Homity pie with red onion gravy

Homity pie, or Devon pie for Devonians, is a traditional potato and leek open pie that gained popularity with the Land Girls during the rationing of the Second World War. During the vegetarian revolution of the Sixties, it became a firm favourite on the menu of the veggie pioneers, Cranks.
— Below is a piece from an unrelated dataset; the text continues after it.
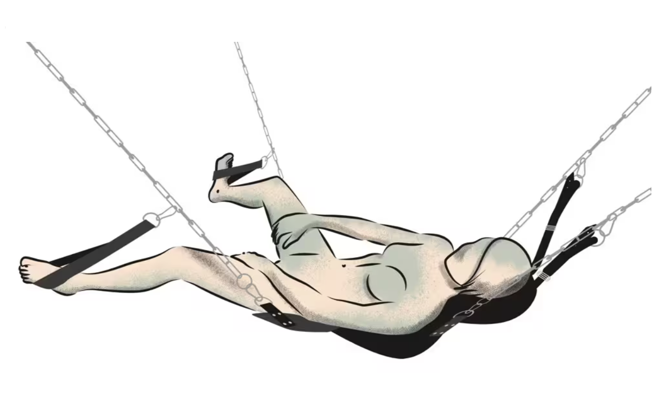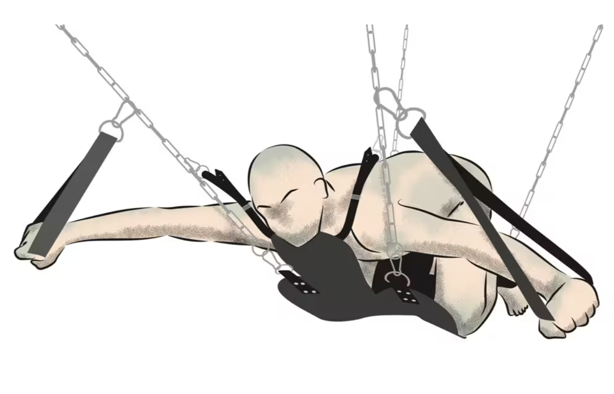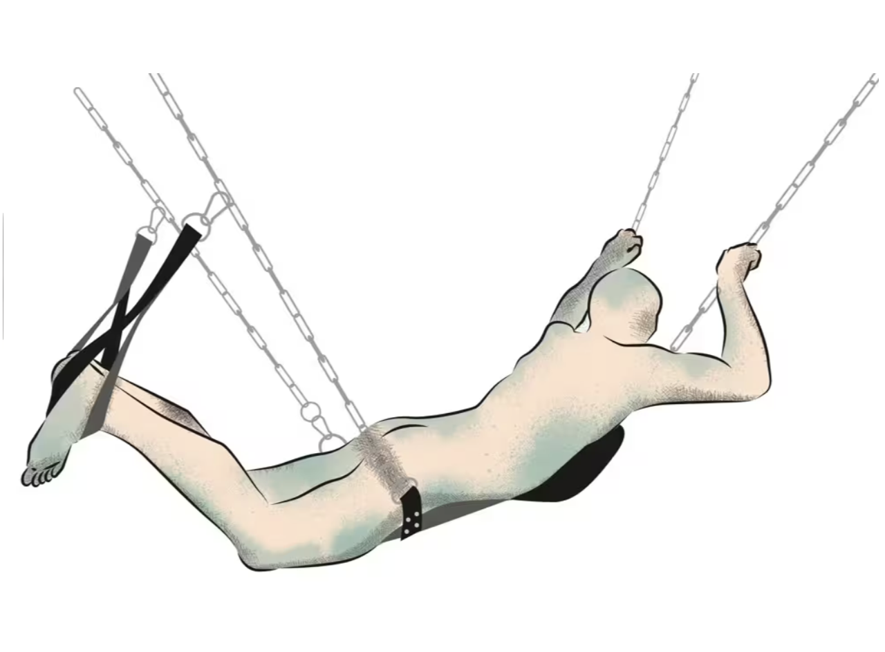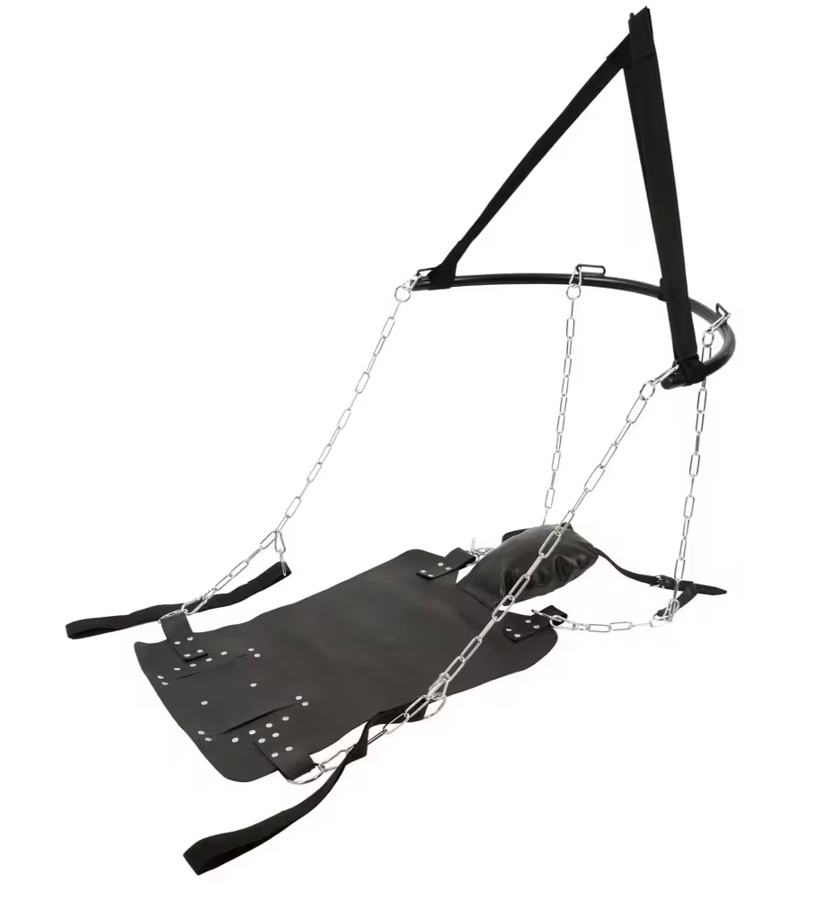 Die Sitz-/Liegefläche (max. 75 cm lang, max. 49 cm breit) aus dickem Leder sowie das weiche Kopfpolster (32 cm x max. 24 cm) sorgen für bequemen Sitz-/Liegekomfort. Das Kopfpolster kann für noch bequemere Positionen im Winkel variiert werden. Die 2 Hand-/Beinschlaufen (Ø 25 cm) können mit ihren Karabinern an den stabilen Ketten individuell befestigt werden und sorgen für sicheren Halt.

Traditionally served on its own or with a little salad, I felt that my pie deserved a rich red onion gravy!

serves 2 – twice!


for the Homity pie
25g butter
5 garlic cloves, finely sliced
2 small leeks, halved and cut into 2cm strips
500g potatoes: I used Galician yellow fleshed ones
300g swede
1 small apple
small handful of fresh thyme, leaves picked and chopped
small handful of curly parsley, finely chopped
100ml single cream
100g grated cheese: cheddar/ Emmemntal
Himalayan salt and freshly ground black pepper

for the red onion gravy
25g butter
1 tbsp olive oil
3 medium red onions, halved and finely sliced
1 tbsp Maple syrup
1 tbsp flour
200ml red wine
500ml vegetable stock
Himalayan salt and freshly ground black pepper

Red onion gravy:

  1. Heat the butter and oil in a large heavy-bottomed pan. Add the onions and a pinch of salt.
  2. Cook over a high heat for a couple of minutes while stirring; then turn down the heat and cover the pan.
  3. Stir occasionally to prevent sticking.
  4. After 30 minutes remove the lid, add the maple syrup and turn up the heat to caramelise a little.
  5. Lower the heat and stir in the flour for 2 minutes.
  6. Stir in the red wine and simmer to reduce a little before adding the stock.
  7. Simmer and reduce to the desired consistency.

Homity pie:

  1. Cut the potatoes and swede into 2cm-3cm pieces.
  2. Steam the potatoes and swede until tender.
  3. Meanwhile, in a heavy-bottomed pan, heat the butter and gently cook the leek, apple and garlic until softened.
  4. Stir in the thyme leaves.
  5. Gently stir in the cooked potatoes and swede.
  6. Stir in the cream and half the grated cheese.
  7. Add the parsley and season to taste.
  8. Remove to a bowl and allow to chill.
  9. Preheat the oven to 220ºC.
  10. Grease a 22cm pie dish with butter. Gently centre the circle of pastry over the dish and ease it down into the crease. Use a sharp knife to trim any excess – do allow for shrinkage though! I would leave a good centimetre.
  11. Fill with the now cool mixture and top with the remaining cheese.
  12. Bake for 20-25 minutes until the pastry is cooked and the cheese is starting to brown.
  13. Cut a generous slice and spoon over the gravy.